2000年12月に二代目豊浜トンネルと三代目セタカムイトンネルをバイパストンネルでつないだ三代目豊浜トンネルが開通すると、急崖の真下を通る「海岸道路」へ接続する道路は無くなりました。

遠くなった蝋燭(ローソク)岩

蝋燭(ローソク)岩 - 1984年
滝ノ澗トンネル余市側坑口へアプローチする道路から約700[m]離れた沖に見えるローソク岩。

狭く暗いワッカケトンネルの出口が見えて安堵する間も無く急カーブという「海岸道路」からの不意打ちを受け流した後、滝ノ澗トンネルの手前、磯の上を走っているかのような道から見えたローソク岩。何度かの崩落を経てこの形に。なので「観音岩」という名前は近年の後付け。昔の形はせたかむい余市町でおこったこんな話で見ることができる。
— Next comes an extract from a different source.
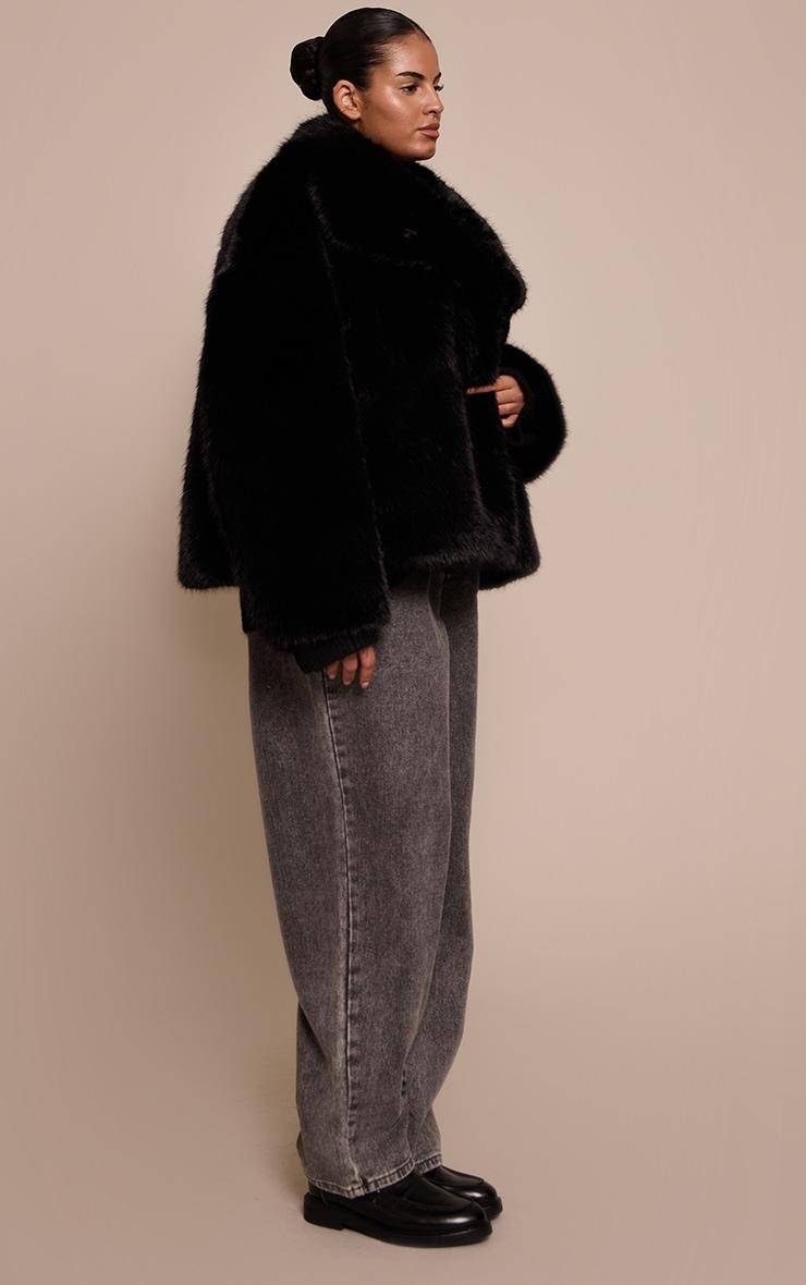 Make a knowing entrance this season with the plus black faux fur short shawl collar coat. This piece boasts a voluminous, cropped silhouette, framed by a dramatic, wide shawl collar, crafted from statement faux fur. Pair it with dark wash jeans and sleek cowboy boots for a confident day look, finishing the ensemble with bold hoops for an effortlessly distinctive appeal.Length approx 58.5cm/23inch (Based on sample size XL)Model wears size XLModel Height - 5ft 9inchp]:!mb-4inch>Category: OuterwearProduct type: Faux FurColor: BlackMaterial: Faux FurOccasion: Day

1984年9月撮影。

滝ノ澗ノ岬の先端に向かって海岸線を縫うように走る「海岸道路」も急崖下にあって、2000年に新しい滝の澗トンネルが開通した後は廃道に。近くに見えたローソク岩は、その展望駐車場が旧ワッカケトンネル古平町側坑口からの旧道と新道が交わるところに新設され、遠くになってしまいました。

最後に

「海岸道路」の廃道は続きます。セタカムイ岩がある沖町と古平町中心部を結ぶ「海岸道路」は、かつて海岸沿いの急崖下を歩いた時代から続く「沖村道路」。ここも山側にルートを移動して沖歌トンネルが開通(2003年)した後、廃道になりました。

2010年には新しいワッカケトンネルが開通。国道229号から分岐して白岩町を通る「海岸道路」が、かろうじて旧ワッカケトンネル余市町側坑口までの袋小路として残っています。

最終的に「海岸道路」は、より安全な山側に通した4つの長いトンネルに切り替わりました。急崖の下をいくつものトンネルを抜けながら余市町と古平町の間を走っていた「海岸道路」。バイクを停めて、チャラツナイ岬からセタカムイ岩にかけて連続する急崖を見上げてみたかったな。